Как назывался фильм, который я смотрел в конце того рабочего дня, я уже не помню. Это был так называемый музыкальный фильм с Петером Александером в главной роли. Он играл бедного, но жизнерадостного кельнера, увивавшегося за такой же бедной, как и он, горничной. Оба они работали в одном большом отеле на берегу Вольфганг-зее. Они виделись каждый день, и Петер Александер не упускал ни малейшей возможности пропеть горничной (в лифте, на кухне, в гардеробной, в прачечной) самые новые и моднейшие шлягеры. Робкой девушке нравился этот веселый малый, но в душе она считала его проходимцем и не подпускала близко к себе. Но потом вдруг выяснилось, что на самом деле этот разбитной малый вовсе никакой не бездельник и даже не кельнер, а очень одаренный и прилежный студент, перед которым открывается блестящая карьера, к тому же он только что получил очень даже неплохое наследство.
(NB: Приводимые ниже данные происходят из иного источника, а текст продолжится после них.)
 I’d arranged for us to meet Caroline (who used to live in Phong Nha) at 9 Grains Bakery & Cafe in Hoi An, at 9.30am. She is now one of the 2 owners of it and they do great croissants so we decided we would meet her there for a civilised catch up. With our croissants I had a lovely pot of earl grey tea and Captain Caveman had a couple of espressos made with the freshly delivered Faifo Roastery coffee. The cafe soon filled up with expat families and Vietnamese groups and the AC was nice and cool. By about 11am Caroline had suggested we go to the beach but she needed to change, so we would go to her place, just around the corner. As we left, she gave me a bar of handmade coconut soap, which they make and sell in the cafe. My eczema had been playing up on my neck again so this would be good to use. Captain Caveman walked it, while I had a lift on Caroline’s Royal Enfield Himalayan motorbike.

Теперь девушка понимает, что мнимый кельнер пел исключительно для того, чтобы завоевать ее любовь, и этот перспективный молодой человек достоин в действительности всяческого уважения, и незачем ей медлить и отказывать ему в своей любви. Фильм длился больше часа и состоял из беспрестанно сменявших друг друга сцен, напичканных надуманными неувязками и другими насквозь лживыми условностями. Его важнейшие составляющие (слабая драматургия, дурацкие диалоги, глупейший сюжет, заранее предугадываемое развитие фабулы) являли собой удручающий примитивизм. Особенно неприятны были эти бесчисленные, абсолютно немотивированные вставные музыкальные номера Петера Александера. Тем не менее ничего такого не было в рецензии, которую я написал на следующее утро.

Она начиналась словами: «В своем новом музыкальном фильме Петер Александер одарил нас целым букетом дивных мелодий… робкая горничная по имени Эльфи тоже не смогла устоять перед его чарующим шармом… так кажущийся поначалу несерьезным и легкомысленным кельнер превращается постепенно во всерьез воспринимаемого жениха, в финале ему отданы всеобщие симпатии…» Ведь до этого я много лет читал все рецензии на фильмы в той газете, в которую писал теперь сам. Они всегда занимали не больше пятнадцати печатных строк и не представляли собой ничего другого, кроме приторного и обильно посыпанного сверху сахарной пудрой пересказа содержания. То, что мои ощущения в кино и моя рецензия в газете были абсолютно разные вещи, мне нисколько не мешало, во всяком случае в процессе написания текста.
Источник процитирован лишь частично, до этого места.